● Task statement:
Among the entries below, only the lines from the one with "新学期,新启程,周六航影。如" through the one with "Комплект клавіатура та" are wanted, reproduced exactly. Pictures are not wanted.

● Task material:
.....

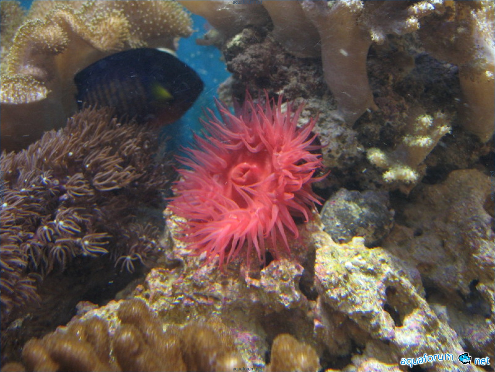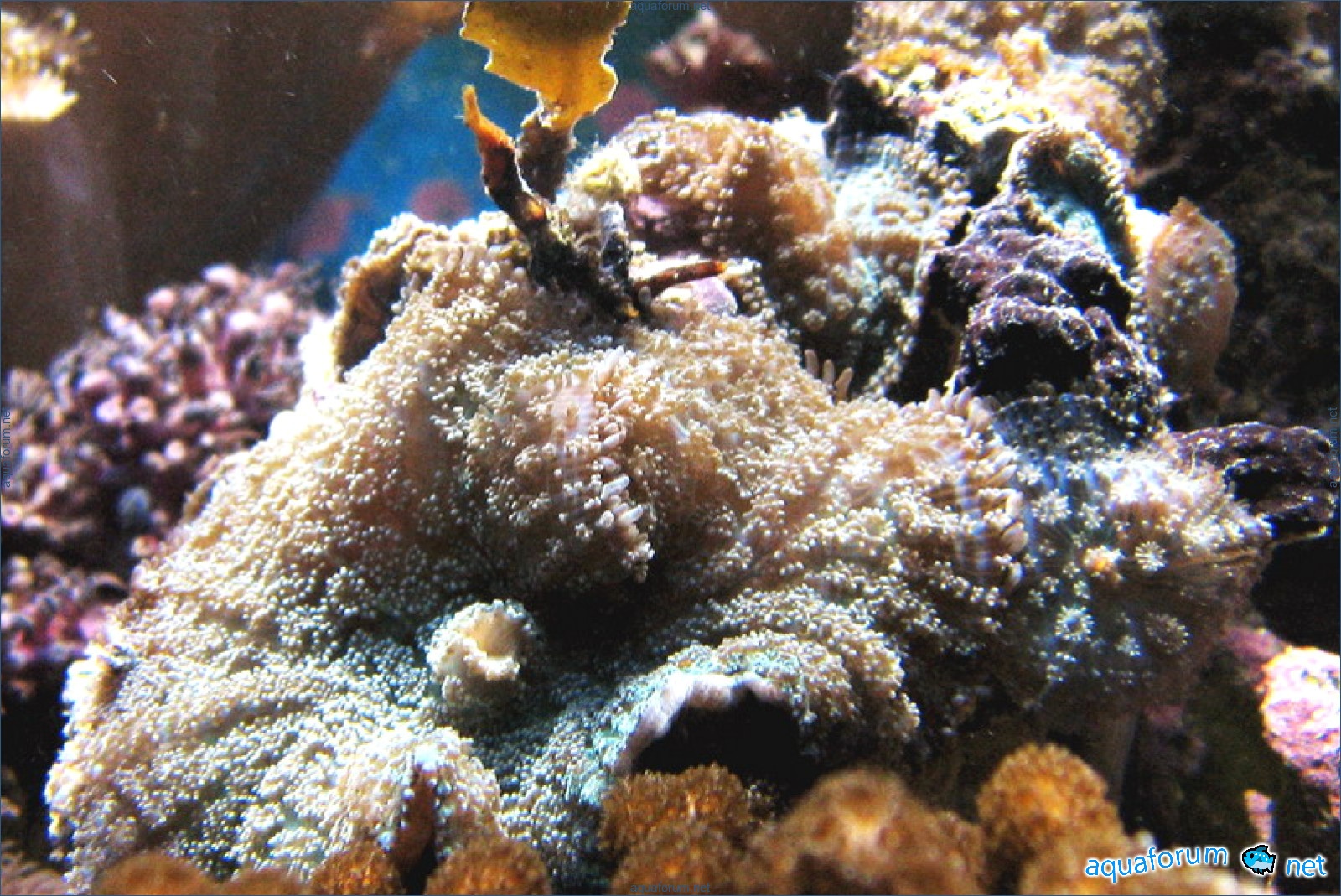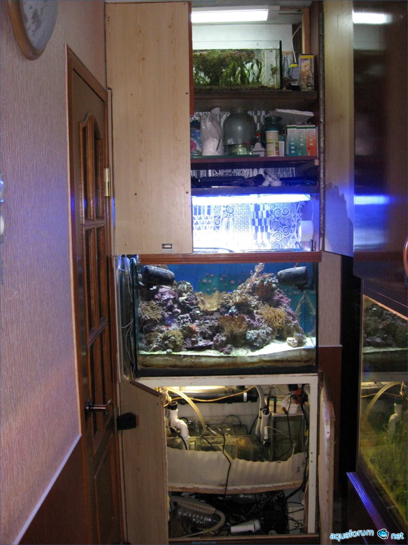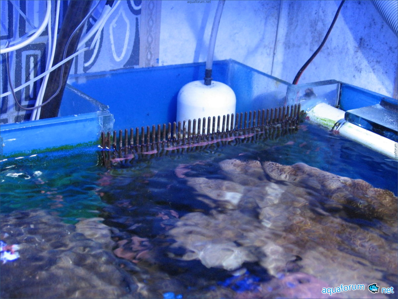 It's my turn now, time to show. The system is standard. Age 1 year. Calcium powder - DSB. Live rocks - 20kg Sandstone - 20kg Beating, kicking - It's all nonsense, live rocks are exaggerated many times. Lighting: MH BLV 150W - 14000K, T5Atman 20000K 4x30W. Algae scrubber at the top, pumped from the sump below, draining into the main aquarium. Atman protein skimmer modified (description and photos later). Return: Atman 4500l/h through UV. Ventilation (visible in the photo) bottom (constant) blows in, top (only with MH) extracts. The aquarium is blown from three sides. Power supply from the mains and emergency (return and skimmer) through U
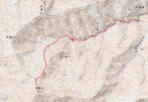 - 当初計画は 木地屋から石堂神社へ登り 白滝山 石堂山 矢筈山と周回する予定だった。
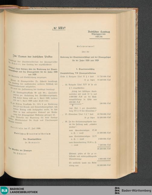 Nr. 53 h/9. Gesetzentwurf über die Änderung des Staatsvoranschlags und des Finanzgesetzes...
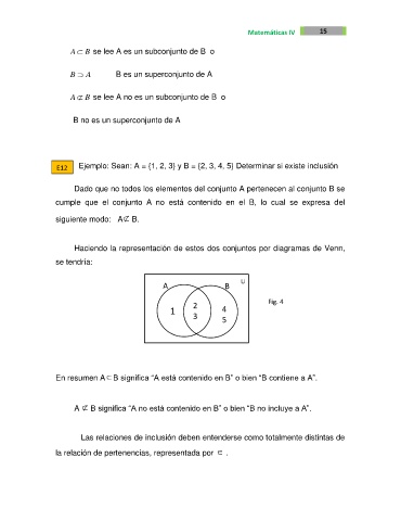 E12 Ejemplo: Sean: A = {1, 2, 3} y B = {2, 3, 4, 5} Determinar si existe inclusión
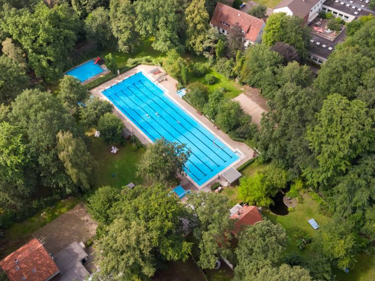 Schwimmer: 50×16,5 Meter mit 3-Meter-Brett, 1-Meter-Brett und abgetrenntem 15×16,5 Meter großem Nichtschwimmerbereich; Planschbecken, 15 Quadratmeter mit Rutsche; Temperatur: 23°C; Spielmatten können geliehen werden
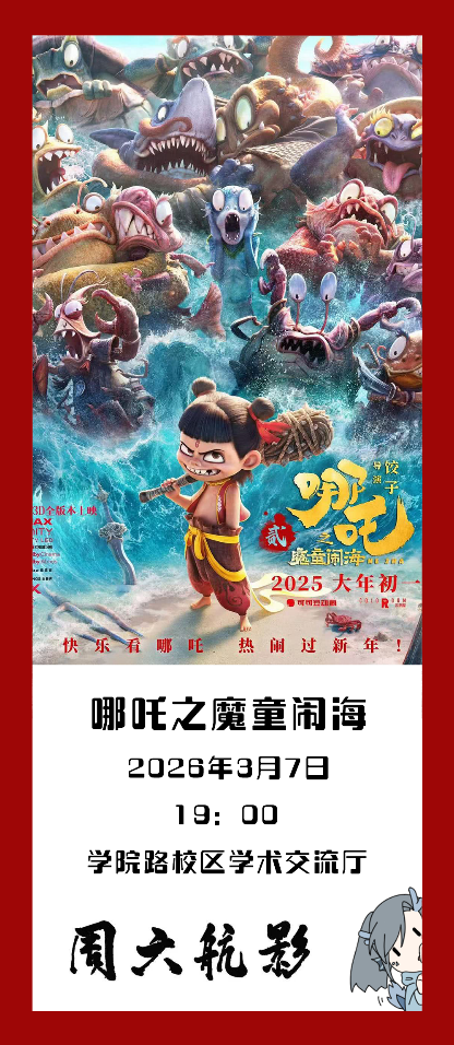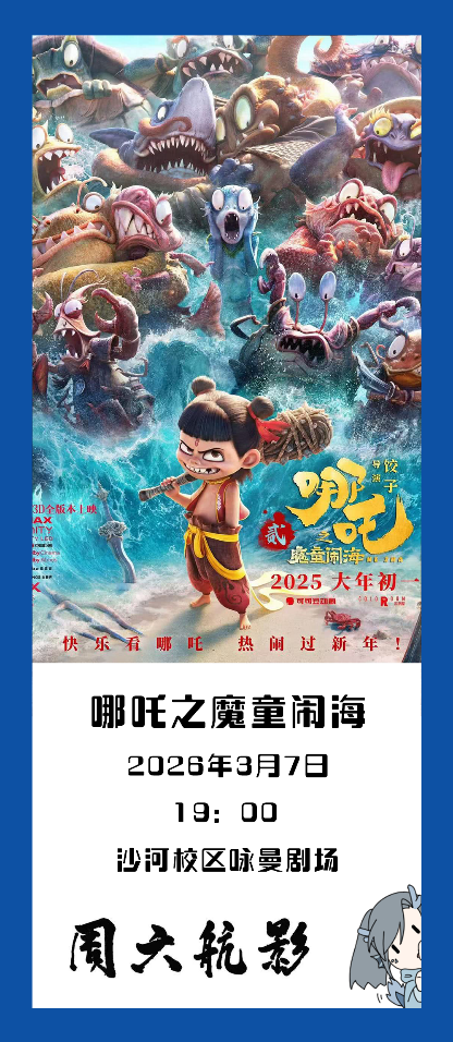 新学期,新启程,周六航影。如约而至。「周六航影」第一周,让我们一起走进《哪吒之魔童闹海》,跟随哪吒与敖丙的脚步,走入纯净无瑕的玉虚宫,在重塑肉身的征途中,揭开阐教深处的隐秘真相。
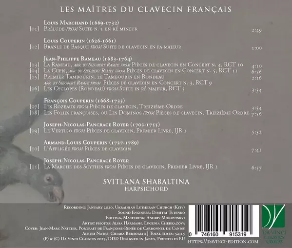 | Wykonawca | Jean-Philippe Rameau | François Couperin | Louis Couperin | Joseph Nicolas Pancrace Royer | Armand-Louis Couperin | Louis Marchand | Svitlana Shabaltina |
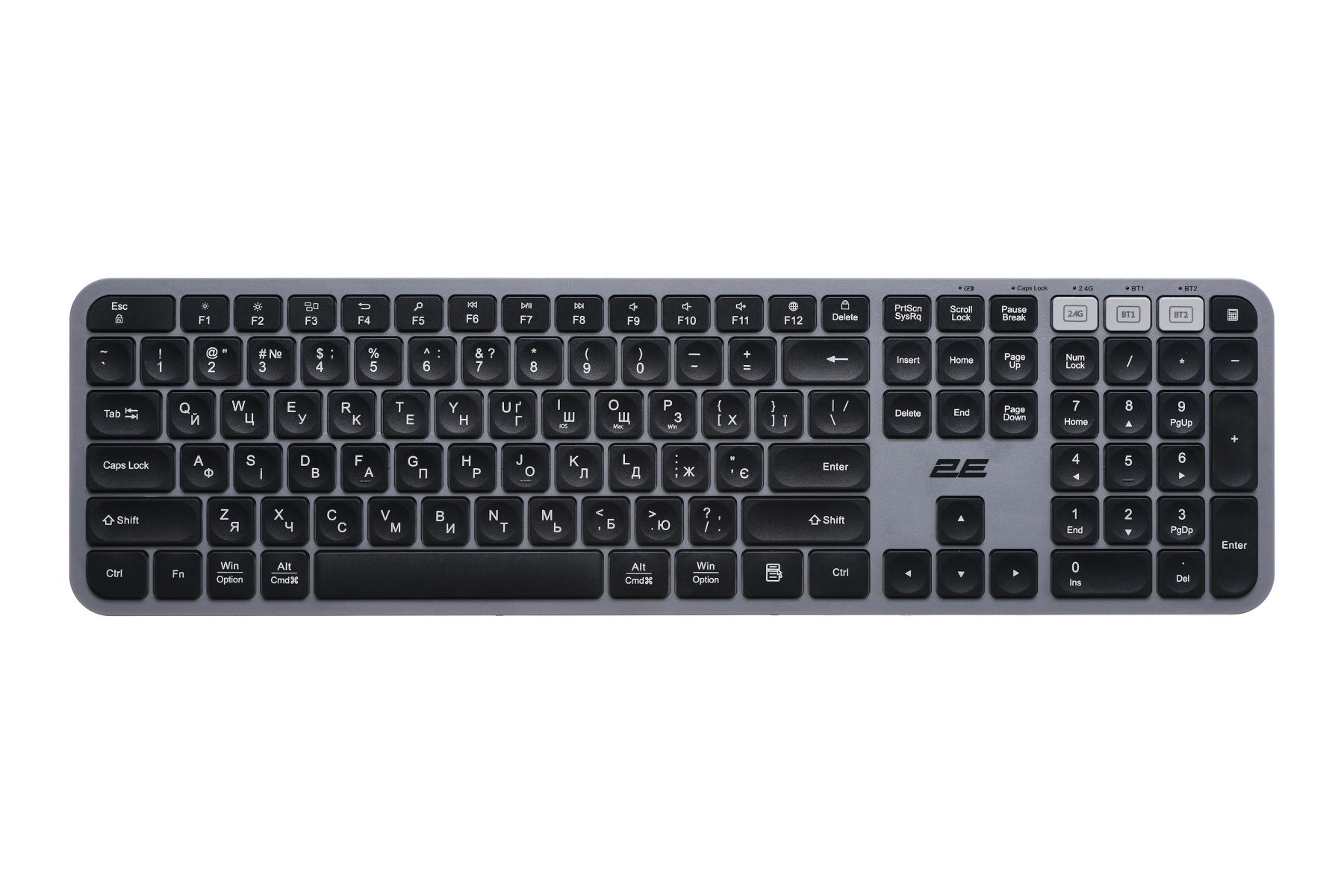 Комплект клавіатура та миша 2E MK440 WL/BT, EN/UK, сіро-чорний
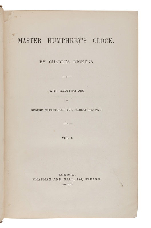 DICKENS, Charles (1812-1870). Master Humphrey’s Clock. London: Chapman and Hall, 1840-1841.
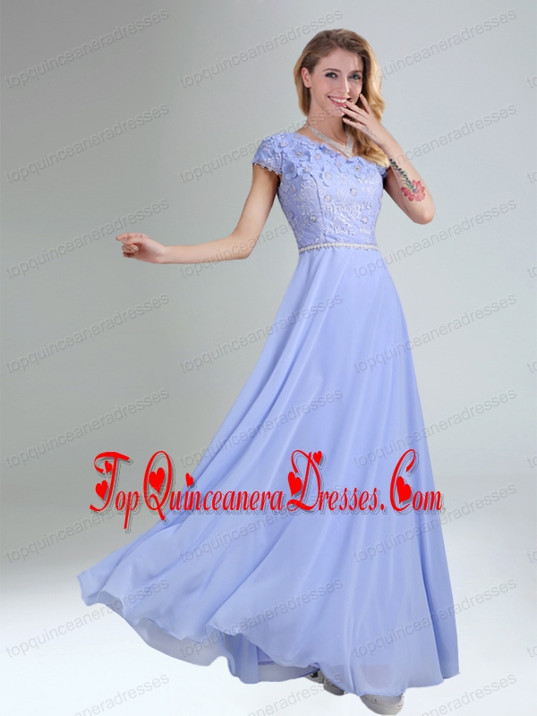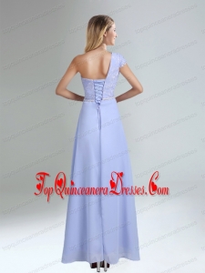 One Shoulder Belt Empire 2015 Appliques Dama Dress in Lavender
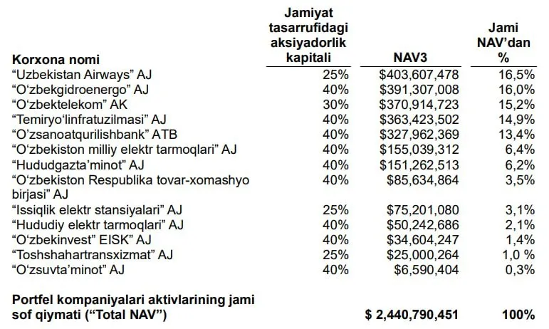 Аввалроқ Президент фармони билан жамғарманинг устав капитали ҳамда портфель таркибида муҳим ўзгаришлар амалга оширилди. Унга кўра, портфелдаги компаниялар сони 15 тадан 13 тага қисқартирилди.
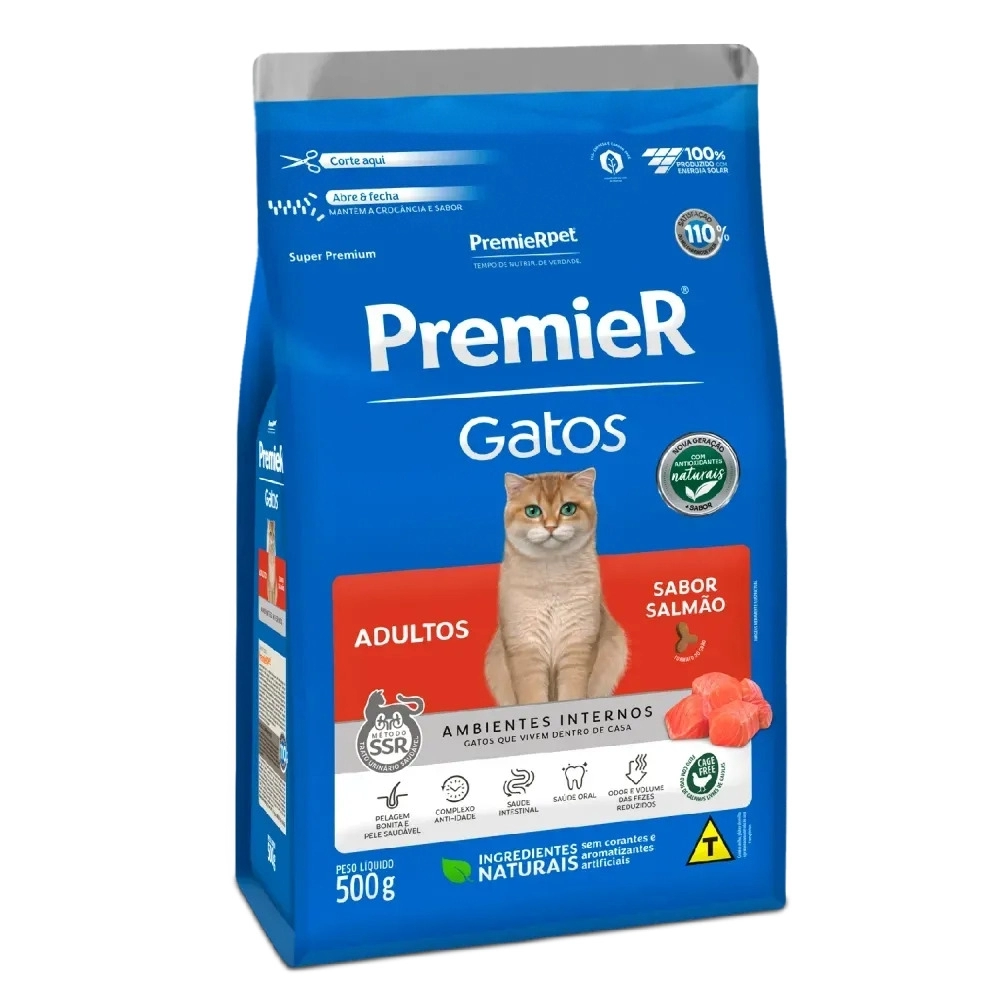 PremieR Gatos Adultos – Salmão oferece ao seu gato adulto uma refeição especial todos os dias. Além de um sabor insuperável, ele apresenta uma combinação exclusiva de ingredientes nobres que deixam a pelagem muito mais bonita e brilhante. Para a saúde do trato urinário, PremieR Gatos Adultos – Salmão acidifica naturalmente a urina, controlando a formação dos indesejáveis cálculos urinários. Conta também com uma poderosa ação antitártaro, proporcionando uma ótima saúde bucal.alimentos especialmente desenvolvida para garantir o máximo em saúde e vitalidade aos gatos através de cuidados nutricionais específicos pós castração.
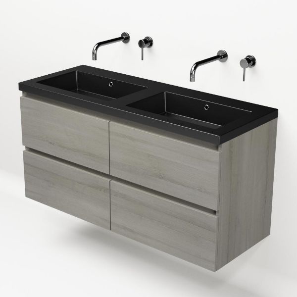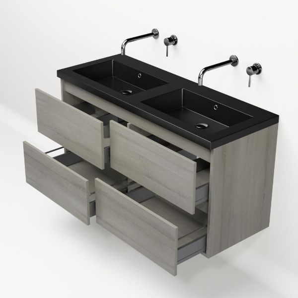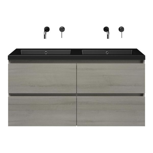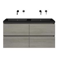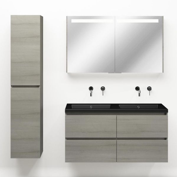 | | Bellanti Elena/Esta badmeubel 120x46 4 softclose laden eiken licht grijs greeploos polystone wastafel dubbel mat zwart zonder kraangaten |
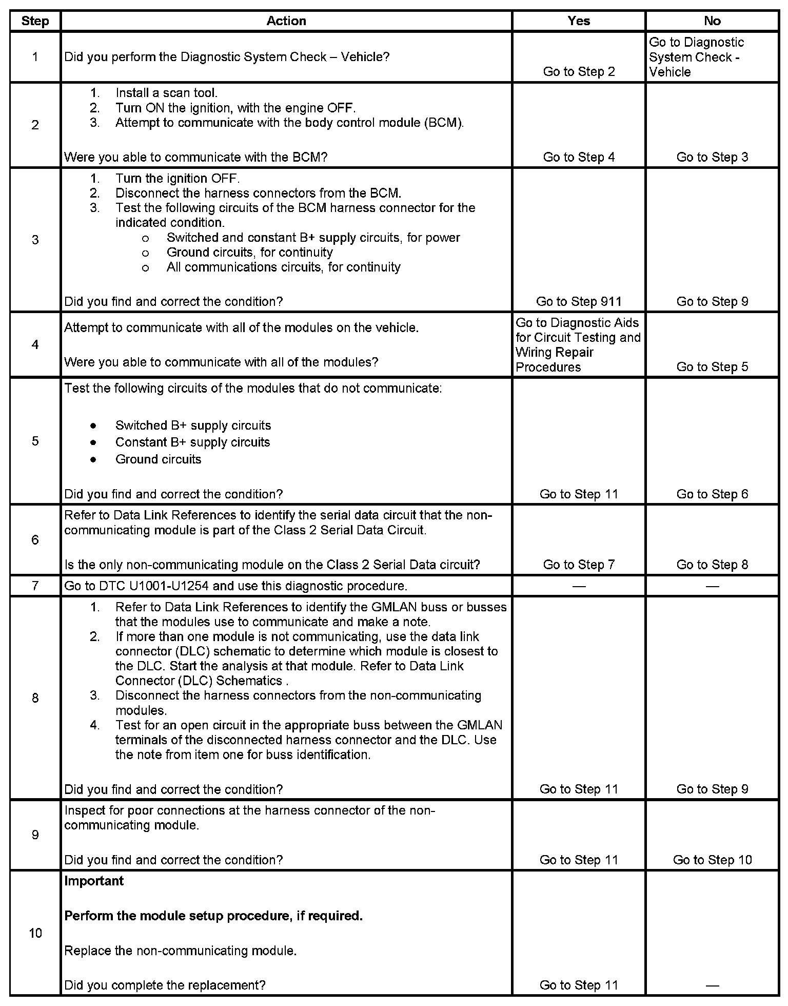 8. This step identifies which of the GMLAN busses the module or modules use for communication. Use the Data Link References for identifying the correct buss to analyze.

.....

● The completed task:
 新学期,新启程,周六航影。如约而至。「周六航影」第一周,让我们一起走进《哪吒之魔童闹海》,跟随哪吒与敖丙的脚步,走入纯净无瑕的玉虚宫,在重塑肉身的征途中,揭开阐教深处的隐秘真相。
 | Wykonawca | Jean-Philippe Rameau | François Couperin | Louis Couperin | Joseph Nicolas Pancrace Royer | Armand-Louis Couperin | Louis Marchand | Svitlana Shabaltina |
 Комплект клавіатура та миша 2E MK440 WL/BT, EN/UK, сіро-чорний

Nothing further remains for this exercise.